We were excited to see Theresa Mullins delineate potential approaches to the use of patient experience data in the future. The concept of a repository for content not necessarily available through other channels is also encouraging, and a positive step towards expanding access to patient experience data. Although a clear road map for how the FDA intends to use patient experience data in regulatory decision-making is yet to be defined, each public meeting provides additional clarity and direction for stakeholders.
How Can Evidera Help You Prepare for These Changes?
Capture patients’ experience with existing treatments, unmet needs, and key impacts of their disease through patient surveys, interviews, focus groups, and workshops in a format suitable for submission to the FDA.

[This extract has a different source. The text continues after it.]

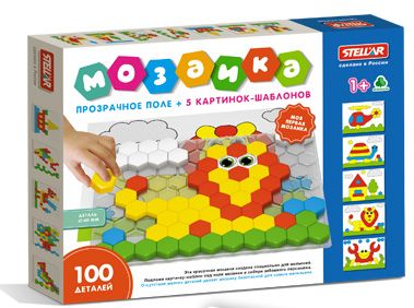 У мозаики прозрачное поле, куда вставляются 5 разных трафаретов. Размер поля 46*35 см, диаметр фишек 4 см, не страшно, что деть проглотит. Моя этим до сих пор страдает ))) Такие аналоги, например Quercetti, стоят 400-500 грн.
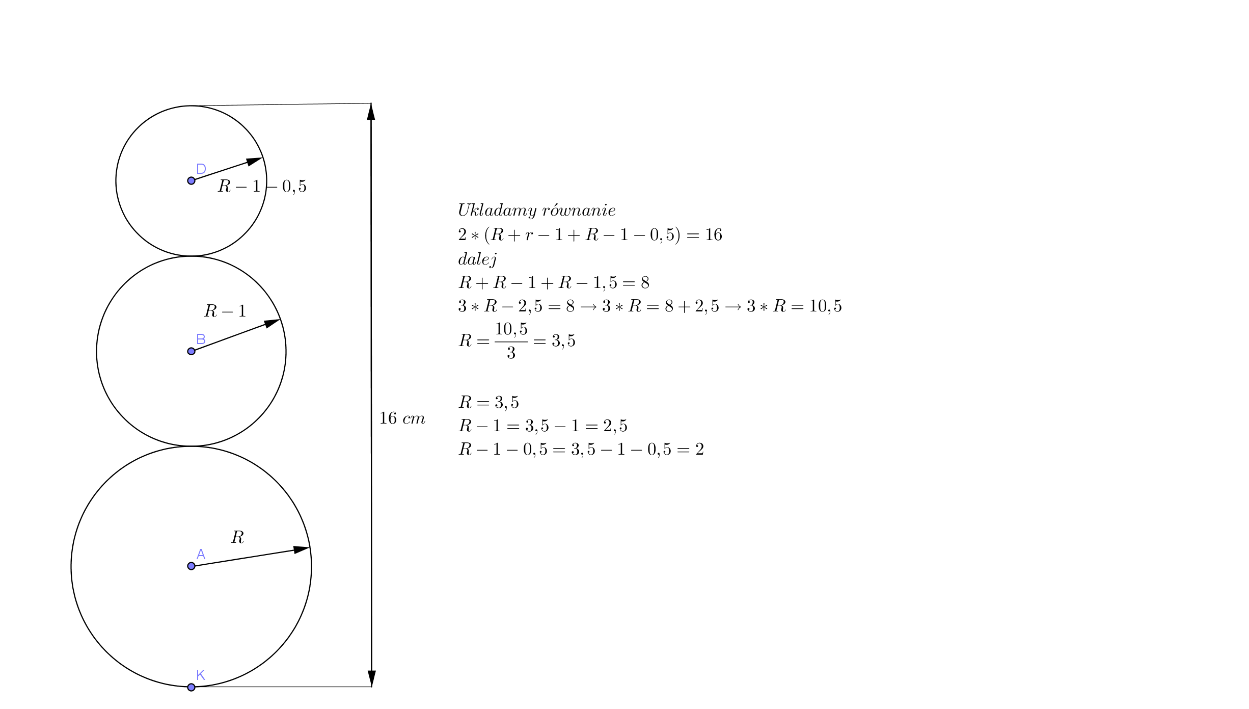 Kasia narysowała bałwana. Składał sie z trzech kół położonych jedno na drugim. Promień górnego koła był o 5 mm mniejszy od promienia koła środkowego, a promień koła środkowego był o 1 cm mniejszy od promienia koła dolnego. Cały bałwan miał wysokość 16 cm. Jaki promień miało każde z kół?

Quantify patients’ experience with their disease in a real-world setting with epidemiological and burden of illness studies.
Understand patients’ experience with treatments by using an evidence-based approach to the design and implementation of clinical trial endpoints, such as patient-reported outcomes.
Understand the patient experience in the clinical trial setting by conducting exit studies that qualify the patient experience with the treatment, inform patient-defined meaningful change, and provide insights to improve future trial design.
Design patient-centric trials, including innovative designs to bring the trial to the patient, keep patients engaged throughout the study; and obtain patient input on protocol and endpoint design.
Identify patients’ acceptable trade-offs to benefits through patient preference studies, including minimum acceptable benefit to offset treatment risks; the maximum acceptable risk to justify treatment benefits; willingness to pay; probability that a patient selects or adheres to a particular treatment.
Prepare and test patient information documents with skilled medical writing and healthcare communication specialists and patient-centered researchers who can work together seamlessly to write and consumer test patient-focused treatment information.
Understand payers’ perspectives on patient experiences and patient-centered data to appropriately plan for pricing and reimbursement challenges in various global markets.
The next meeting on this proposed guidance will be in the fall of 2018, with subsequent meetings occurring over the next two years and a draft guidance expected in 2020. There is still a lot of work that needs to happen to truly accomplish the goal of including the patients’ voice and experience into the drug development and access process, but we are encouraged by the movement we have seen towards that goal.